Johnson, who was at the 9/11 memorial ceremony, said in all of the interviews he took part in at the event that each reporter asked him the same question which was: Are we safer? The answer, Johnson said was “yes” in terms of preventing another 9/11-style attack, however, the same cannot be said of so-called lone wolves or terrorist-inspired attacks like the one that took place in San Bernardino last December or at the Pulse nightclub in Orlando just three months ago.
“We’re now in a phase where we have to be concerned not only about the terrorist- directed stythe most prominent example being 9/11, to now the terrorist-inspired attack,” he said. “This morning before I came here, I went to the Pulse nightclub and it is a reminder of our new threat environment. In this new phase of self-radicalization, the lone wolf, the terrorist-inspired attack is, frankly, harder to detect by our law enforcement community and our intelligence community in advance.”
According to Johnson, security professionals and the industry, as a whole, plays a vital role in helping the government mitigate against the threat of lone wolves and others who seek to carry out similar attacks.

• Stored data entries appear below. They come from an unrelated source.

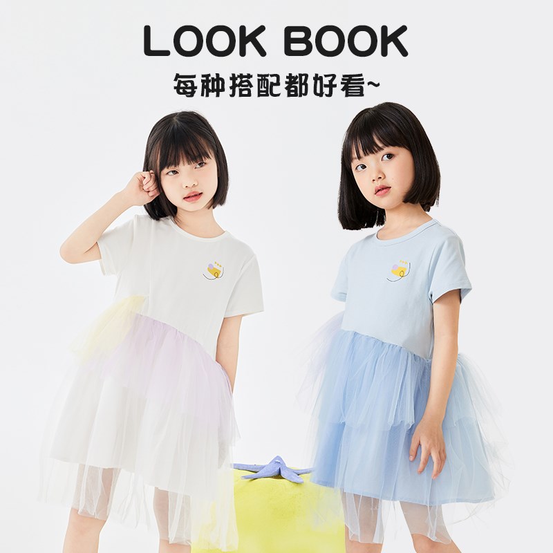 加比瑞童装女童连衣裙女孩洋气网纱拼接公主裙甜美短袖T恤裙子
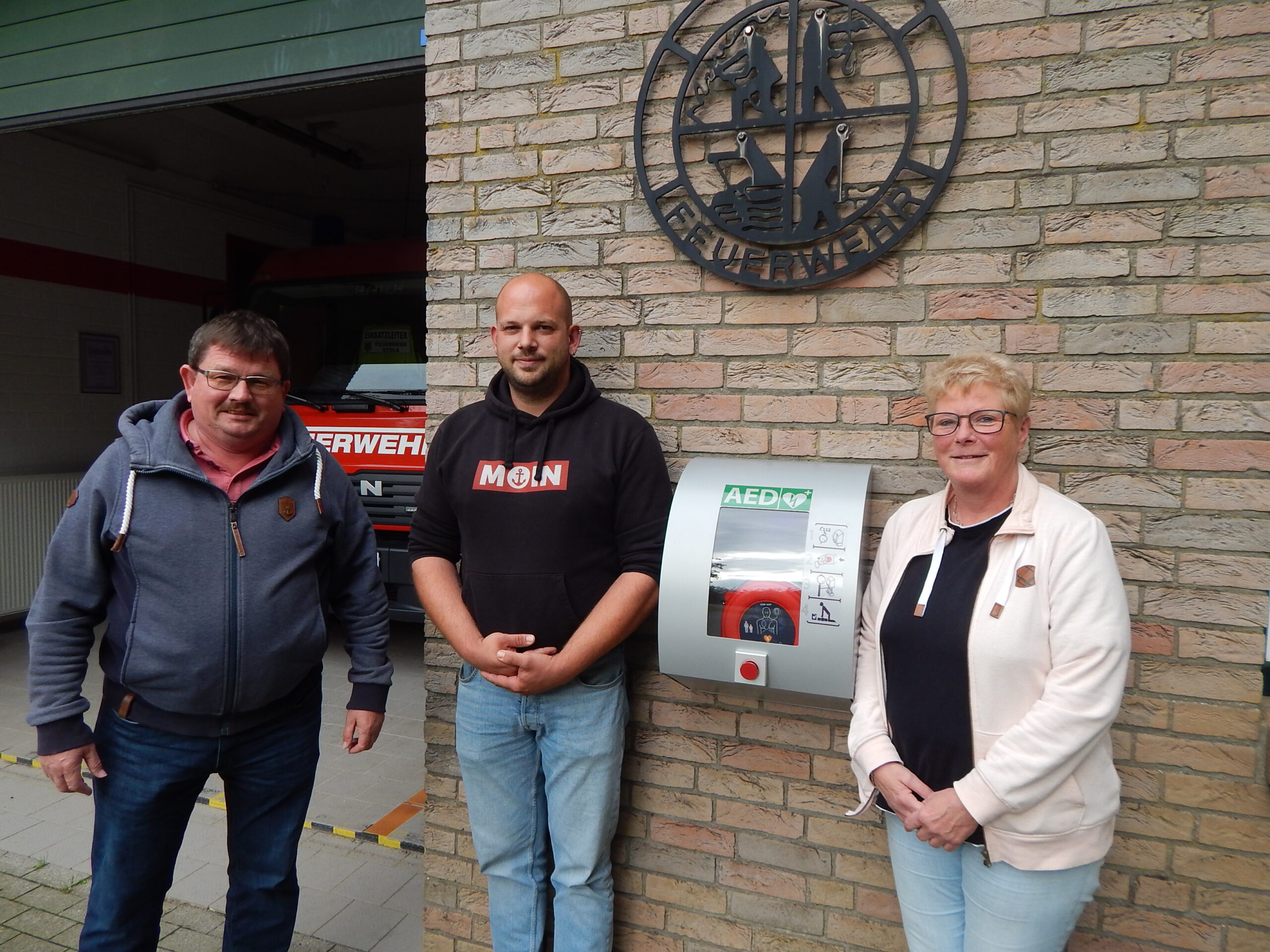 Gemeindewehrführer Alexander Hansen (Mitte) präsentiert Bürgermeister Kai Börensen und der DRK-Vorsitzenden Heike Mordhorst einen Defibrillator, der ab sofort am Feuerwehrgerätehaus bei Herzstillstand für jedermann verfügbar ist. Wenn über den Notfall Informierte ihn dort holen können, ist wirksame Hilfe schneller am Einsatzort als ein Rettungswagen.
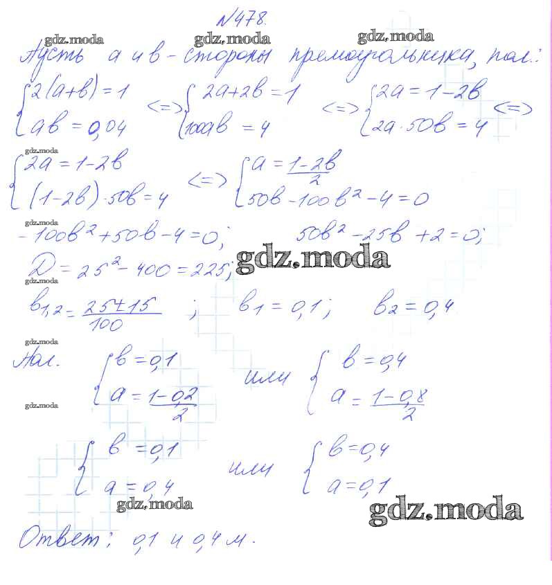 ГДЗ решение к заданию № 478 Алгебра 8 класс Алимов Ш.А. Просвещение 2014 бесплатно на гдз.мода!
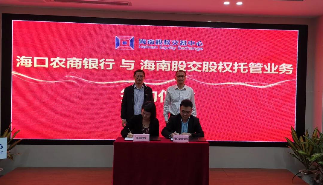 在現(xiàn)場(chǎng)領(lǐng)導(dǎo)、嘉賓的見證下,海南股交與海口農(nóng)商銀行正式簽署銀行股權(quán)登記托管協(xié)議,海口農(nóng)商行成為今年7月中國(guó)銀保監(jiān)會(huì)發(fā)布《商業(yè)銀行股權(quán)托管辦法》以來,率先在海南區(qū)域性股權(quán)交易市場(chǎng)運(yùn)營(yíng)機(jī)構(gòu)成功托管股權(quán)的非上市商業(yè)銀行,這對(duì)我省商業(yè)銀行股權(quán)托管工作極具示范意義。
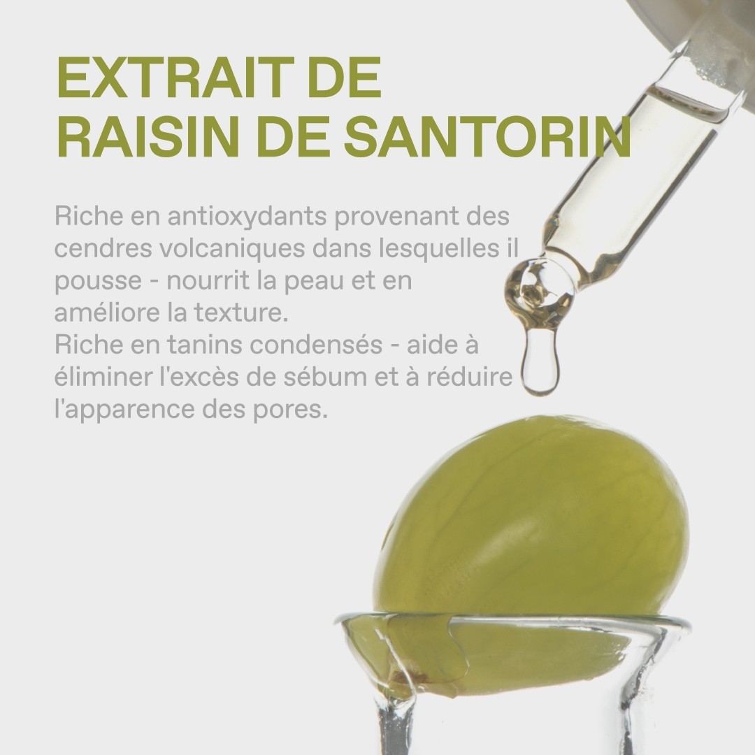EXTRAIT DE RAISIN DE SANTORIN : Nourri du sol volcanique dans lequel il pousse, riche en antioxydants et tanins, aide à éliminer l'excès de sébum et réduire l'apparence des pores.
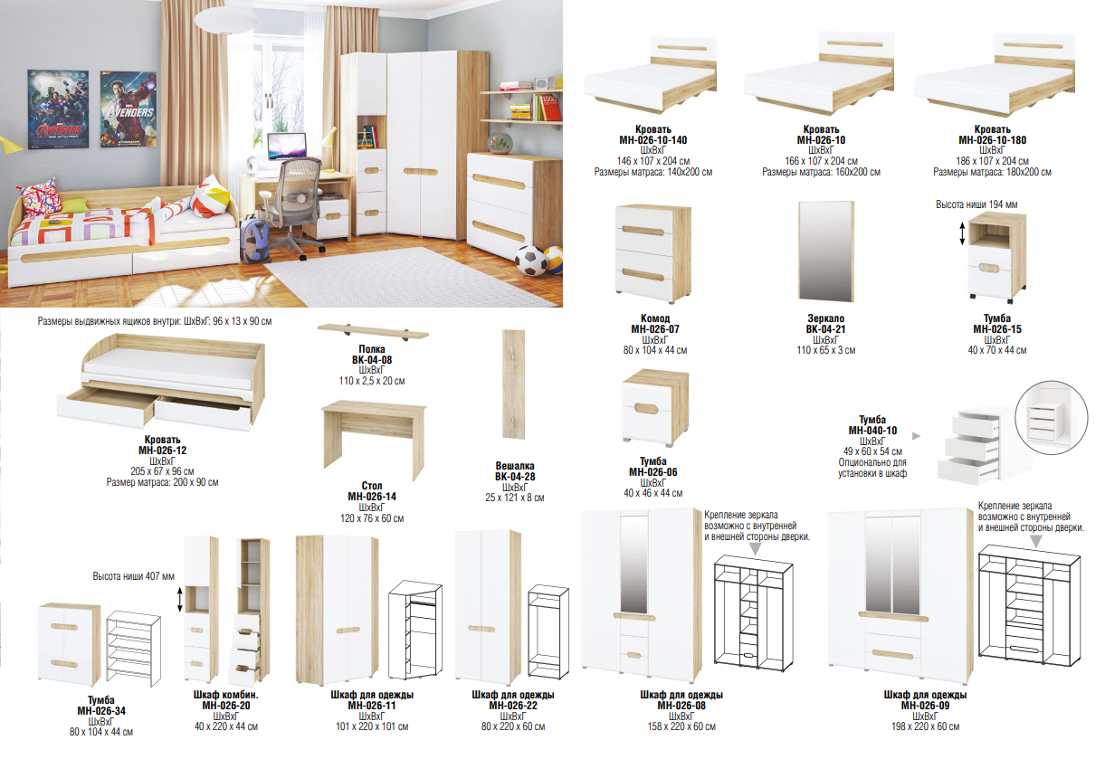Коллекция мебели в современном стиле для обустройства комнаты подростка. Материал: ЛДСП.
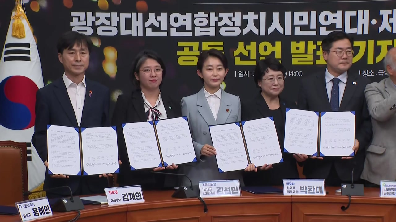 조국혁신당과 진보당, 기본소득당, 사회민주당 등 4개 정당과 '광장대선연합정치 시민연대'는 더불어민주당 이재명 대선 후보 지지를 공식화하고 정권 교체 뒤 개혁 방향을 발표했습니다.
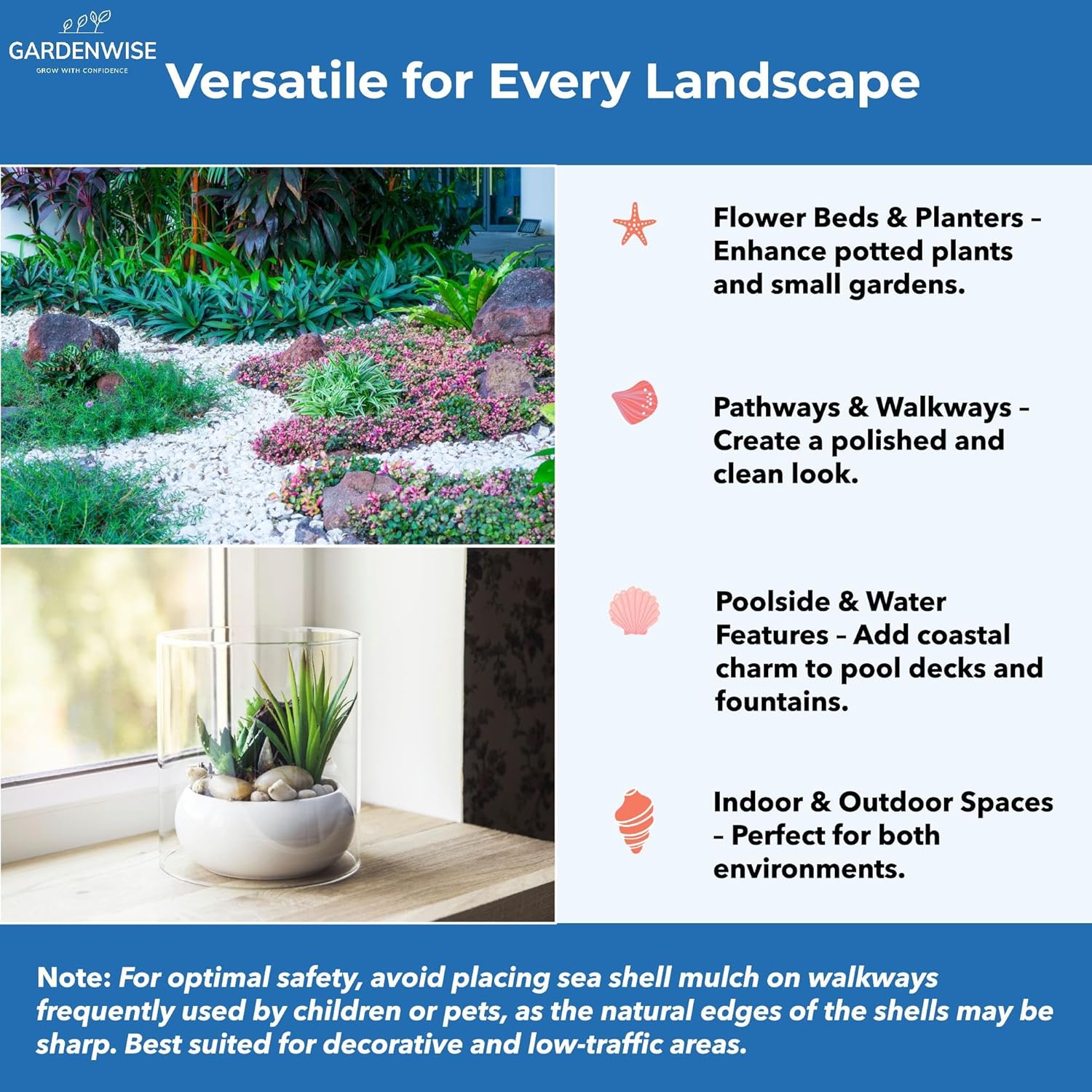 - Pest-Resistant and Safe: Sea shell mulch does not attract ants, termites, or other pests, providing a long-lasting, clean solution for landscaping without the use of chemicals.

“Our partnership between the public and private sectors devoted to security – the Department of Homeland Security, the FBI, the Department of Defense, our intelligence community, the national security apparatus of our government, state and local law enforcement on the one hand and [security practitioners] dedicated also to public safety and the protection of our homeland in the private sector – has never been more important given our current threat environment,” Johnson told the crowd of attendees. “We must now, more than ever, function as an effective partnership for the good of the people we all serve.”